Institutional investors: These include pension funds and insurance companies with large amounts of cash inflows that typically need to be invested over the long-term. Institutional investors are important because of their size and huge appetite for debt and equity. While institutional capital in developing countries remains relatively small, it is growing rapidly and is generating interest as to how it can be unlocked to support development.
Matchmaking platforms: Platforms designed to connect finance providers with firms needing investments (typically SMEs) and provide resources to facilitate transactions while not becoming a party in those transactions.
Microfinance institutions: Overseas organizations that make individual microcredit loans directly to villagers, microentrepreneurs, impoverished women and poor families. An overseas MFI is like a small bank with the same challenges and capital needs confronting any expanding small venture but with the added responsibility of serving economically-marginalized populations. Many MFIs are creditworthy and well-run with proven records of success, many are operationally self-sufficient (Source: Principles of Microfinance).
Municipality: A city or town that is empowered with a local government. Municipalities may take on the role of finance providers or finance seekers.
Policymakers & legislators: People who create ideas and plans for government regulations. Policymakers and legislators set the regulatory framework for the local financial environment.
Regulators: People who uphold the laws in a region. Regulators measure actions against present law.
Securities exchange: An organized and regulated market facilitating the purchase and sale of securities.
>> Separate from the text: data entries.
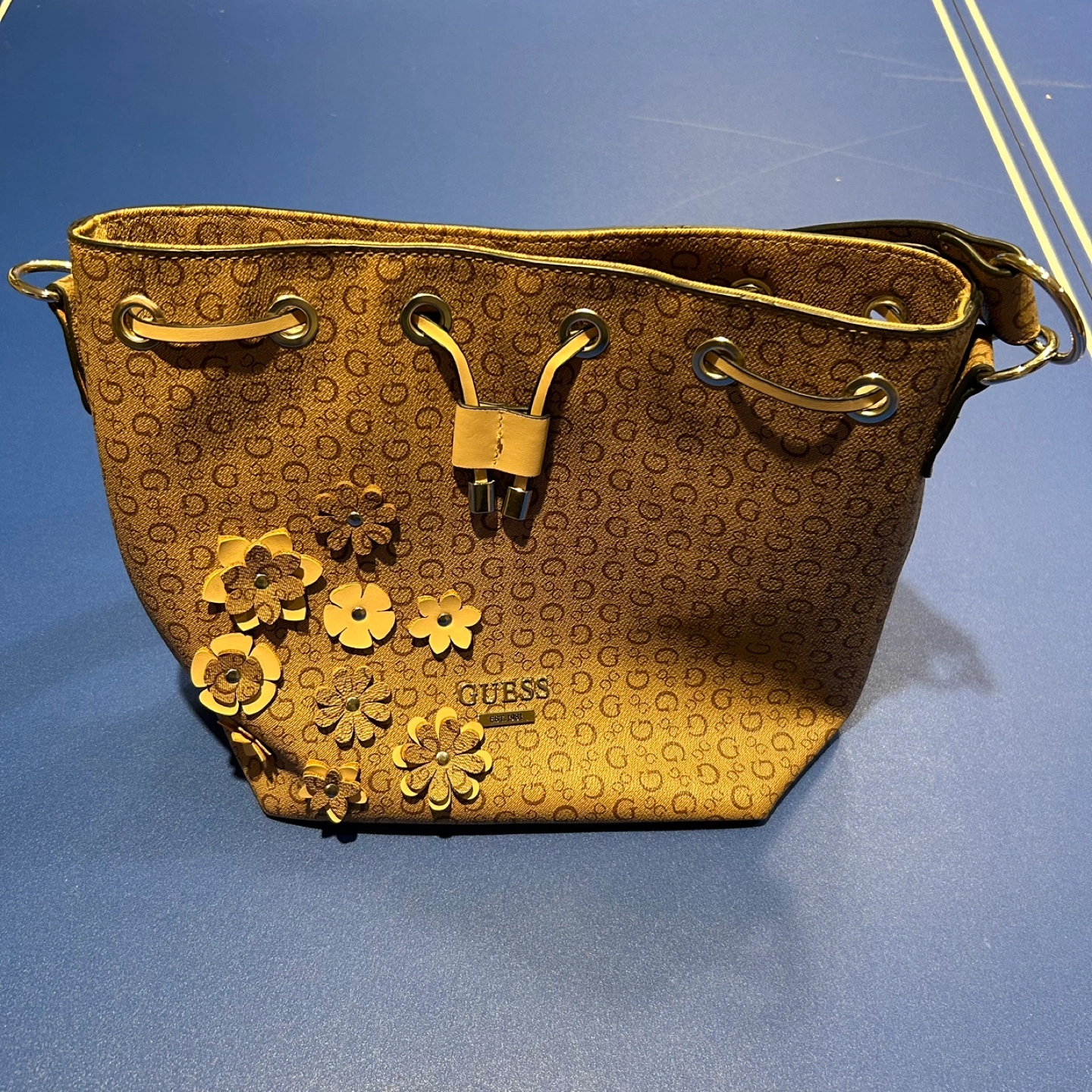 Adorable Guess bucket bag (also can be called a purse or handbag). Features a brown monogram print, flower embellishments, and a drawstring closure. Includes a crossbody strap. Interior features multiple pockets. Perfect for everyday use.
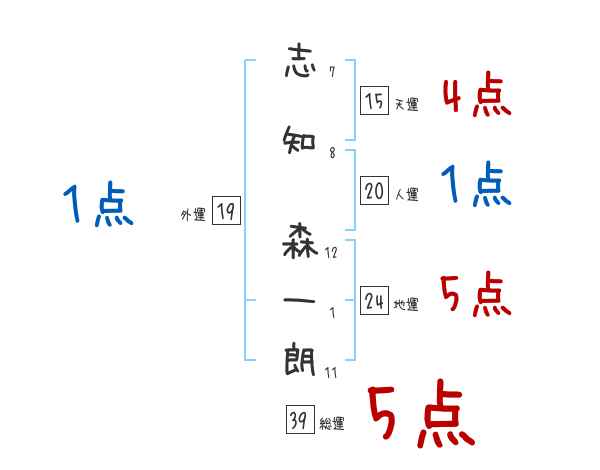 総運![]() | 志知森一朗さんの総運は39画の5つ星!社交性に優れ人望が厚い。人の上に立ち成功する。 あなたの人生を表す1番重要な運勢です。生涯を通じて影響する総合運となり、主に50歳以降の晩年期に影響を及ぼします。 |
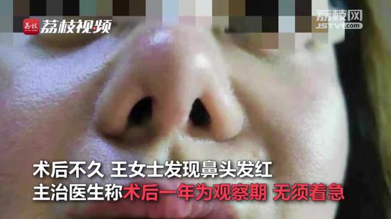 据王女士介绍,当时她经医生推荐,花费11200元接受了“硅胶假体隆鼻术”。术后不久,她发现鼻头发红,类似“草莓鼻”。当时施尔美的主治医生告诉她,隆鼻之后一年内均为观察期,让她不要心急。
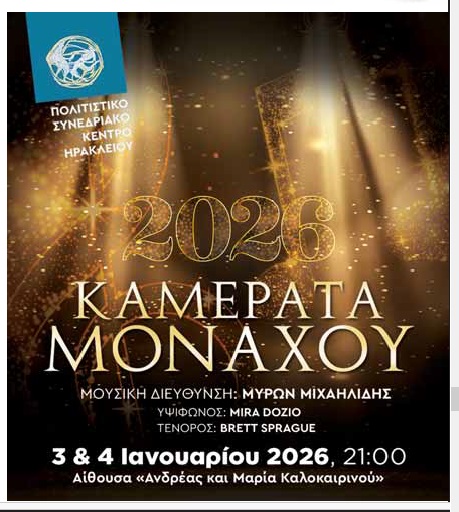 Bilder und Presseartikel zum Samstag 4. und Sonntag 5. Januar 2025, 21:00 Uhr Ein weiterer großer Moment für Heraklion ist das Neujahrskonzert mit der Camerata München am Samstag, den 4. und Sonntag, den 5. Januar 2025, jeweils um 21:00 Uhr, im Saal "Andreas und Maria Kalokairinou". Das renommierte deutsche Kammerorchester Camerata München wird unter der Leitung des international bekannten Dirigenten Myron Michailidis auftreten.
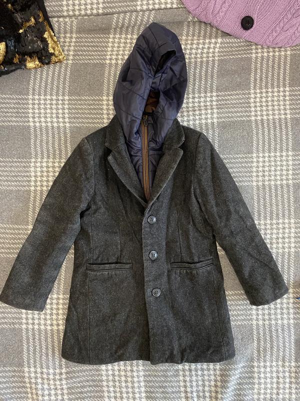 Стильный пиджак пальто с капюшоном, который вместе с синей вставкой снимается, можно носить отдельно пальто.
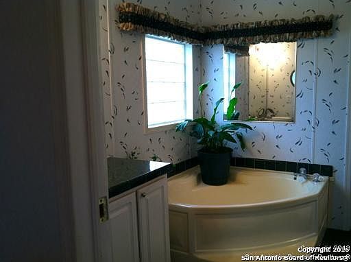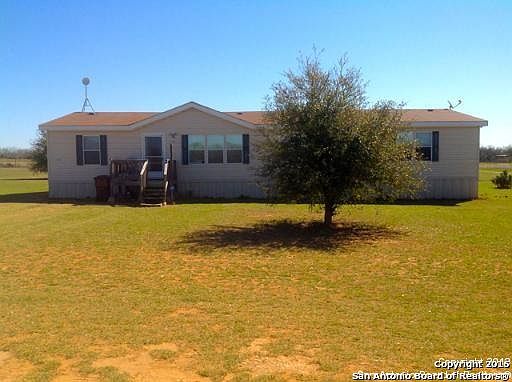 4BD/2BTH, 2,112 sq.ft. manufactured home on 1.3 acres in fantastic location with easy access to IH 35. This spacious home features an open floor plan, 2 dining areas, island kitchen w/ walk-in pantry and a split master suite with walk -in closet and master bath with his and hers vanities, garden tub and separate walk in shower.
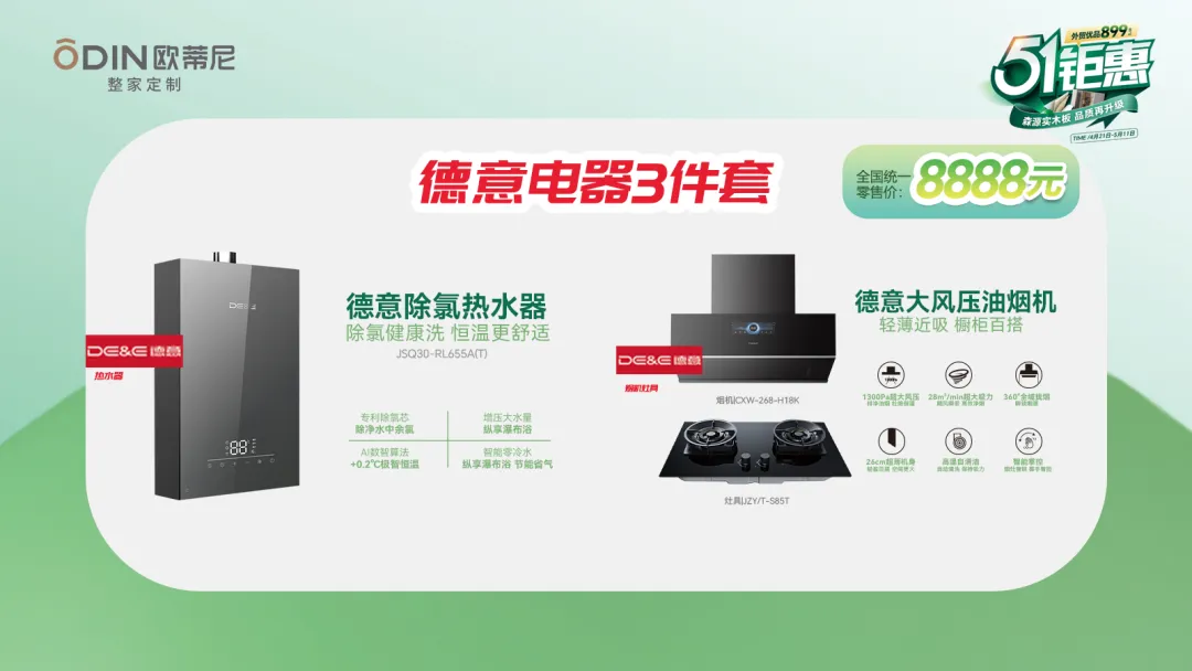 本次活動的核心套餐“19800元定全屋”堪稱行業性價比標桿。僅需19800元,即可享受20㎡全屋柜體隨心搭配,涵蓋衣柜、鞋柜、書柜、陽臺柜等全屋空間,支持個性化設計,滿足收納與美學雙重需求。除外,送 3 米地柜 + 3 米吊柜 + 3 米石英石臺面,采用環保板材與耐用石材,打造經久耐用的烹飪空間,廚房基礎配置一步到位。還有德意三件套電器,抽油煙機、燃氣灶、熱水器三大廚房核心電器直接贈送,真正實現“拎包入住”式省心體驗。
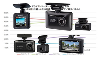 全国の家電量販店やECショップでPOSデータを集計する「BCNランキング」によると、6月のドライブレコーダーの販売台数は前年同月比で107.8%と伸長した。メーカー別では、ツートップのコムテックとJVCケンウッドに人気が集中。コムテックが前年同月比113.4%、JVCケンウッドが174.1%と、大きく成長している。
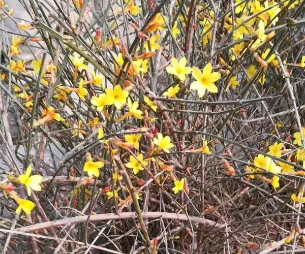 迎春在1年生枝条上形成花芽,第二年冬末至春季开花,因此在每年花谢后应对所有花枝短剪,促使长出更多的侧枝,增加着花量,同时加强肥水管理。
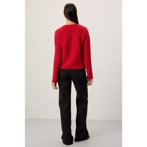 Red knit (80% Cotton, 20% Polyester). Crew neck. Long sleeves. Front button closure. 22" from shoulder to hemline.pit to pit 22
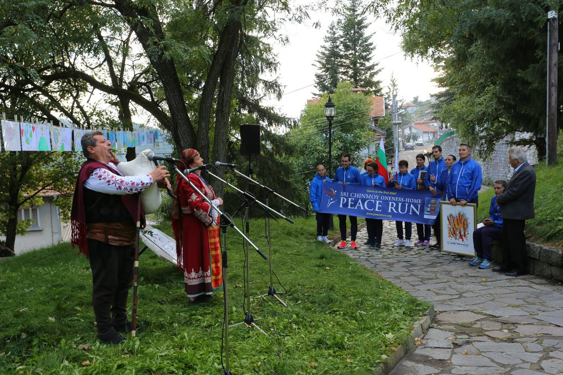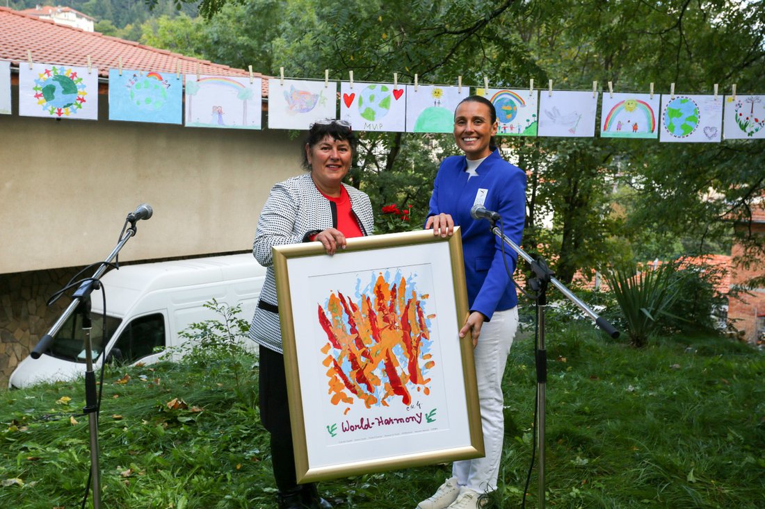Children from the local school had prepared drawings for peace with which there was an outdoor exhibition, they recited poems for peace, and young girls dressed in traditional Bulgarian costumes danced a dance with flowers.

Small and medium-sized enterprise (SME): Small and medium-sized enterprises are a primary target for international development in the financial sector. SMEs are frequently the most vulnerable and have the highest level of difficulty acquiring financing due to their limited assets.
Venture capital and private equity: Financing provided to startup companies and small businesses that are believed to have long-term growth potential. For new companies with a limited operating history, venture capital can be an important source of capital, however the main downside is that the investors usually get equity in the company, and thus have a say in company decisions.